Когда из Харькова мы повернули на Полтаву, нам невольно бросилась в глаза украинская природа; в октябре месяце мы видели перед собой деревья еще в листьях, — какое разнообразие и прелесть для живописца! перед нами были: пирамидальные тополи, берест, клен и разные фруктовые деревья, одни ярко желтые, другие оранжевые, третьи красные, тогда как там, на севере, в это время красуются одни голые прутья... розги!
Но вот показалась и Полтава. "Берег, берег, воскликнул я, конец нашему плаванию". Мы увидели за рекой Ворсклой, прежде всего, монастырь на горе, а потом возвышенную гористую местность, с несколькими оврагами и долинами, облупленную домами и хатами, над которыми рельефно возвышались три-четыре церкви и здания кадетского корпуса и института. Крутые и обрывистые спуски представлялись какими-то брустверами, окопами, укреплениями, недоставало лишь амбразур с орудиями, и невольно думалось, не остатки ли это окопов славной полтавской битвы Петра Великого со шведами? Поднимаясь на гору по вязкой, грязной дороге, мы, наконец, достигли постоялого двора. На утро следующего дня, расплатившись с извозчиком, я отпустил его и, напившись чаю, надел вице-мундир и отправился в корпус представиться директору генералу Струмилло.
На вопрос директора, я объяснил подробно — почему решился перевестись в Полтавский корпус и переговоры мои по этому делу с инспектором Ницкевичем. Директор, выслушав меня, сказал: "вы, господа столичные, очень ошибаетесь, полагая, что в провинции
— 683 —
и климат лучше, и жить дешевле, легче и покойнее. Вот поживете здесь, увидите сами, что эта за Аркадия! Квартир казенных учителям не полагается; вы получите, конечно, квартирных денег и за уроки рублей 300—400, ну вот и наслаждайтесь провинциальной жизнью". Пошел я от него, повесив нос, и даже пожалел, зачем я отпустил извозчика. Но что делать! посмотрю, что дальше будет.
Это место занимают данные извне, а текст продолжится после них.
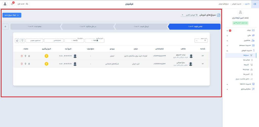 این امکانات به شما کمک میکنند تا پیگیری و مدیریت سرنخها بهصورت دقیق و سازمانیافته انجام شود و فرصتهای فروش بهینه شوند.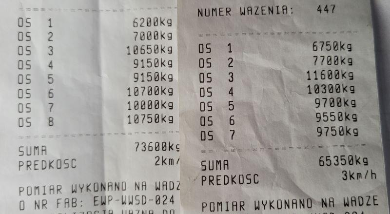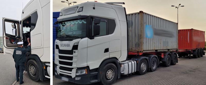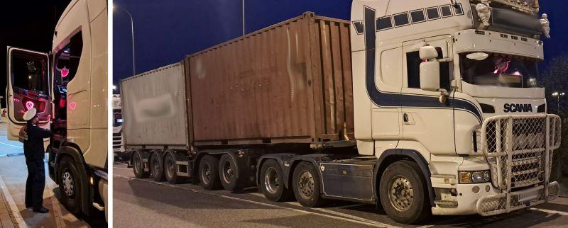 W tym samym czasie został zatrzymany do kontroli drugi podobny zestaw w dwoma kontenerami, w których przewożony był ryż w workach. Według listów przewozowych masa ładunków w kontenerach wynosiła 43000 kg. Po zważeniu okazało się, że ten zestaw również jest za ciężki. Waga wskazała rzeczywista masę całkowita zespołu pojazdów 65350 kg. Analiza czasu pracy kierowcy z ostatnich 28 dni wykazała, że wielokrotnie naruszył on dopuszczalne normy prowadzenia pojazdów, przerw w prowadzeniu i odpoczynków. Ta kontrola również zakończyła się nałożeniem na kierowcę mandatów karnych oraz wszczęciem postępowań administracyjnych o nałożenie kar pieniężnych wobec przewoźnika.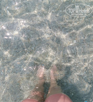 Пляж хороший . Когда не хватало лежаков, то подвозили новые . Людей не с нашего отеля , отправляли на свой пляж . Море прозрачное , ласковое. Над лежаками натянуты тэны. Очень удобно , лучше чем под зонтиками . На пляж , ходили сразу после завтрака. Проблем с лежаками не было. Но вот ступеньки, это конечно не каждый сможет осилить . Но мы про них знали , не ожиданностью не стало . Но те кто бронировал другие отели , а их привозили в этот из-за не хватке мест , те были не готовы к таким спускам и подъёмам.

На третий день я нанял себе квартиру, а через неделю другую, поближе к корпусу, а тут вернулся из Петербурга г. Ницкевич. Я пошел к нему и рассказал, как встретил меня директор. Он усмехнулся и заметил: "это пустяки, успокойтесь, все будет так, как я вам обещал". Действительно, все так и исполнилось, но не долго мне пришлось служить при Струмилло, которого кадеты звали Страшиллом. Он был человек тяжелый, неделикатный и крайне самолюбивый. Излишнее самолюбие его и погубило, и вот каким образом: 1-го января 1849 года все полтавское дворянство, в зале дворянского собрания, встречало новый год; тут же находились и корпусные чины с директором во главе. Во время тостов, инспектор корпуса, полковник Скалон, почтенная личность, обратился с бокалом прежде всего к губернатору Ознобишину, как и следовало. Это оскорбило Струмилло — и он в дерзких словах сделал Скалону, при всем собрании, выговор за то, что тот не обратился с первым тостом к своему начальнику. Скалон счел себя обиженным, дворянство приняло его сторону, и случай этот кончился весьма неблагоприятно для директора. В феврале месяце уже заговорили, что он выходит в отставку, а в мае уже приехал на его место ген. Врангель 1).
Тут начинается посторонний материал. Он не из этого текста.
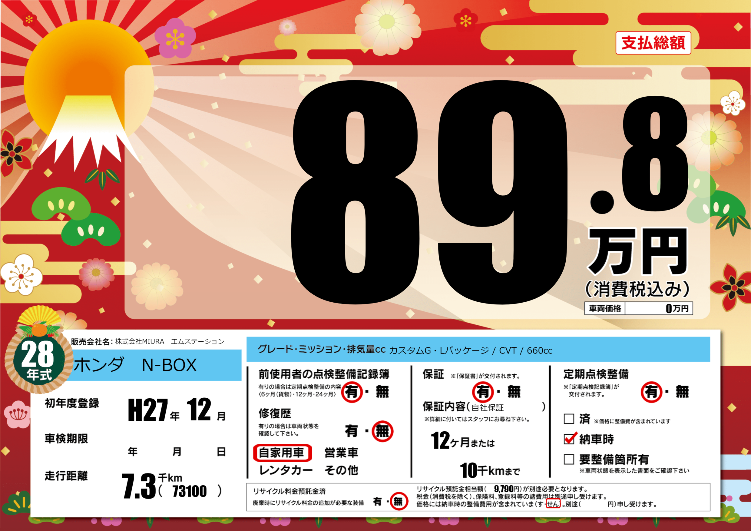 | 車名 | ホンダ N-BOX | グレード ミッション 排気量 |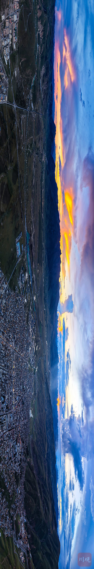 9月3日傍晚,俯瞰四川省甘孜藏族自治州理塘县全景。

В течение семилетнего управления корпусом директора Врангеля, все шло, как по маслу; всем жилось хорошо и счастливо. У меня было довольно частных уроков, заказных работ, а также уроки в институте. За это же время в корпорации институтских, корпусных и гимназических учителей возникла благородная мысль об открытии в Полтаве женской гимназии. Средства для этого были добыты энергическими трудами и пожертвованиями учителей. Мы устраивали спектакли, литературные чтения, лотереи; сами и семейства наши лицедействовали; на лотереи жертвовали вещами; я, например, отдал копию с картины Тициана: "Воздадите божия Богови и кесарева кесарю", стоившую 100 рублей. Прочие тоже жертвовали ценные вещи, и таким образом составился достаточный капиталь; гимназию открыли и мы все обязались прослужить в ней семь лет безвозмездно,
1) См. Воспомин. о Полтавском корпусе в "Русск. Ст." изд. 1876 г., том LII, стр. 717-723. Ред.
— 684 —
и прослужили. После гимназия перешла в ведомство императрицы Марии и получила возможность существовать самостоятельно.
Но вот наступил 1856 год. Добрейший и почтеннейший наш Егор Петрович Врангель оставил службу по слабости здоровья. На место его прибыл, в июле месяце, с Кавказа какой-то генерал Юрьев, с супругой и дочкой — тут уже пойдет иная история, известная в преданиях Полтавского корпуса под названием Юрьевской эпохи. Впрочем, слава Богу, эпоха эта не была продолжительна, не более двух с половиной лета, но стоит десяти. Итак, генерал Юрьев прибыл к нам с Кавказа; какими доблестями он там отличался — неизвестно; но сделавшись начальником военно-учебного заведения, он выказал вполне анти-педагогические способности по управлению корпусом.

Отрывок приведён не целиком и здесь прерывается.